An employee does not need two years’ service to claim unfair dismissal if the reason for the dismissal is that he or she has made a public interest disclosure. One of the difficulties for employers is that an employee who makes disclosures of alleged wrongdoing may also be a difficult colleague to work with – and if he or she is dismissed it may be difficult for the Tribunal to decide whether the dismissal was prompted by the disclosure itself or by the way in which the employee has behaved.
In Parsons v Airplus International Ltd the employee was dismissed after just six weeks of work as a legal compliance officer. In the course of her employment she had raised a number of issues that she identified as being public interest disclosures concerned with the way in which the employer was operating its business. The Tribunal found, however, that the dismissal was nothing to do with the matters that the employee was raising, but was a result of her behaviour. She was found to be rude and confrontational in her approach; she made assumptions about the legal position without researching them properly; did not listen to others and was unable to make practical suggestions about what measures should be taken. Instead she was irrationally focussed on her own personal liability for any irregularities and her disclosures were aimed purely at protecting her own personal position.

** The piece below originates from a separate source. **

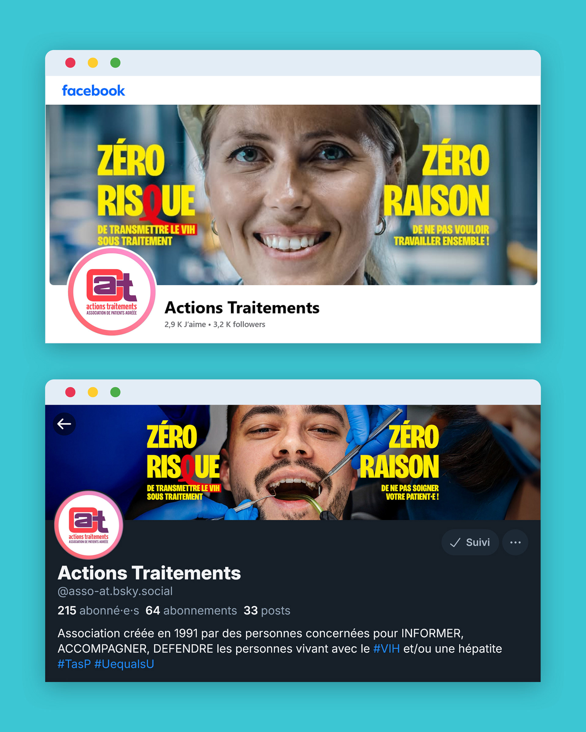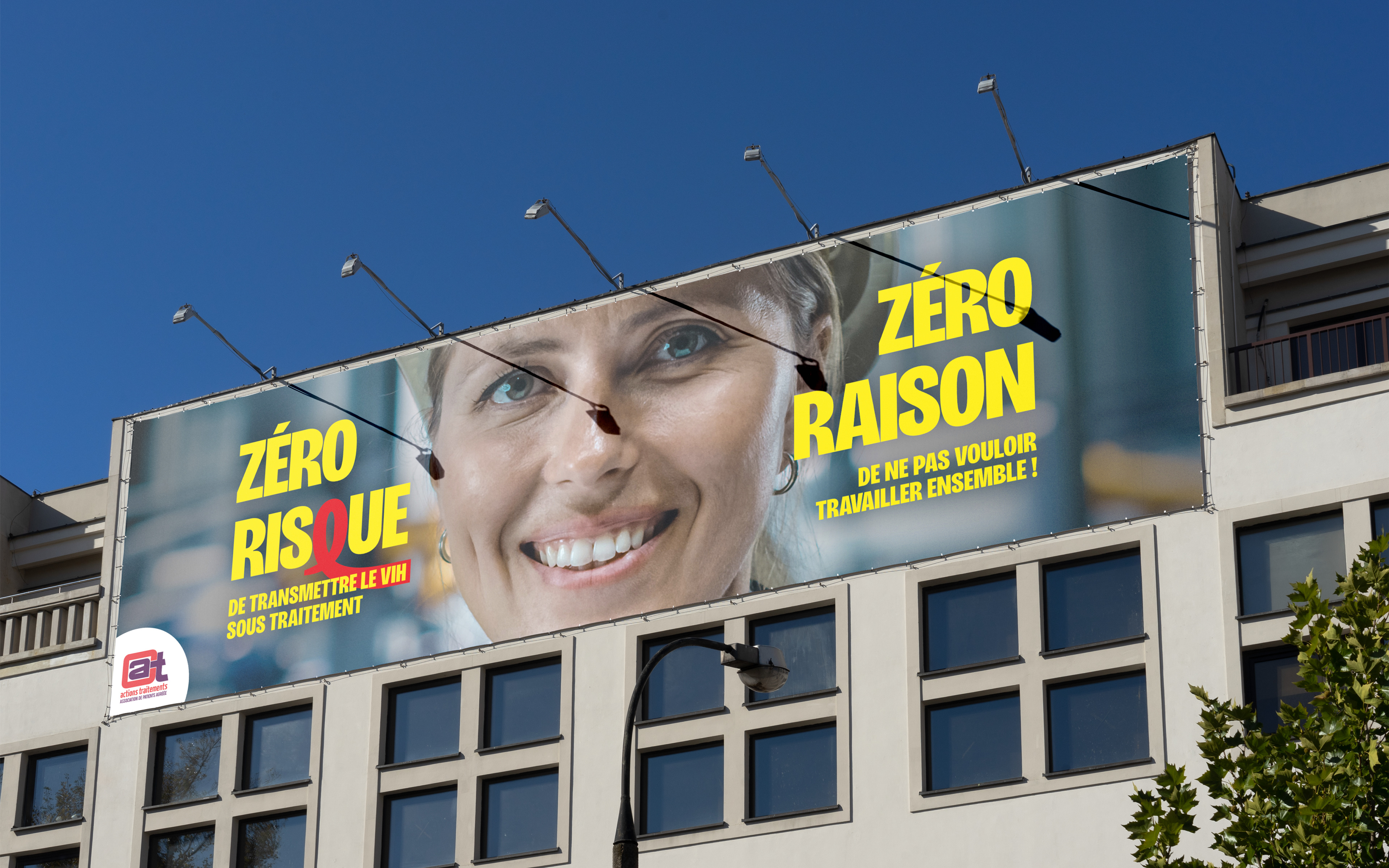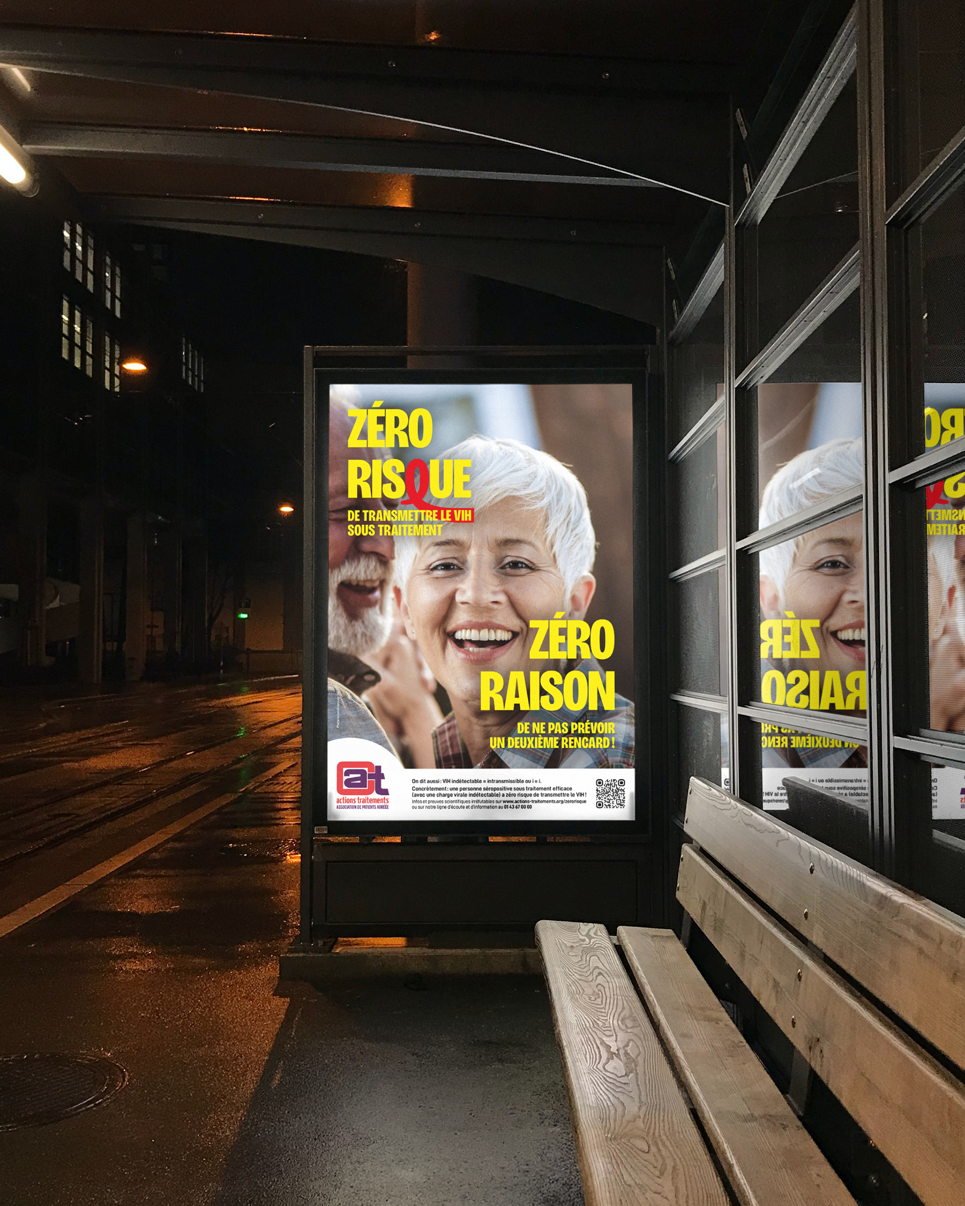 Fin 2024, nous avons conçu avec @actions_traitements une campagne qui vise à sensibiliser le public au fait qu’une personne vivant avec le VIH, sous traitement efficace et avec une charge virale indétectable, ne peut pas transmettre le virus. Intitulée “Zéro Risque”, elle se compose d’une série de six visuels mettant en scène des personnes fictives dans des situations du quotidien où elles peuvent être confrontées à la sérophobie (discrimination au travail, sur les applis de rencontres, chez le médecin, etc.), et affirme clairement que oui, “Zéro risque de transmission = Zéro raison de discriminer”. L’objectif est de faire évoluer les mentalités et de diffuser largement le message “Indétectable = Intransmissible”, et de mettre en avant l’humain avant le VIH, à travers des visages heureux et centraux.

The EAT upheld the Tribunal’s decision. The Tribunal had been entitled to find that the employer had properly distinguished between the making of the disclosures and the employee’s wider behaviour. The Tribunal had not made the mistake of assuming that because the employee was motivated by the desire to protect her own position that that meant that the disclosures were not made in the public interest. The Tribunal had instead found that the matters raised were not in the public interest because they were only concerned with protecting the employee’s own position. That was a conclusion the Tribunal had been entitled to reach.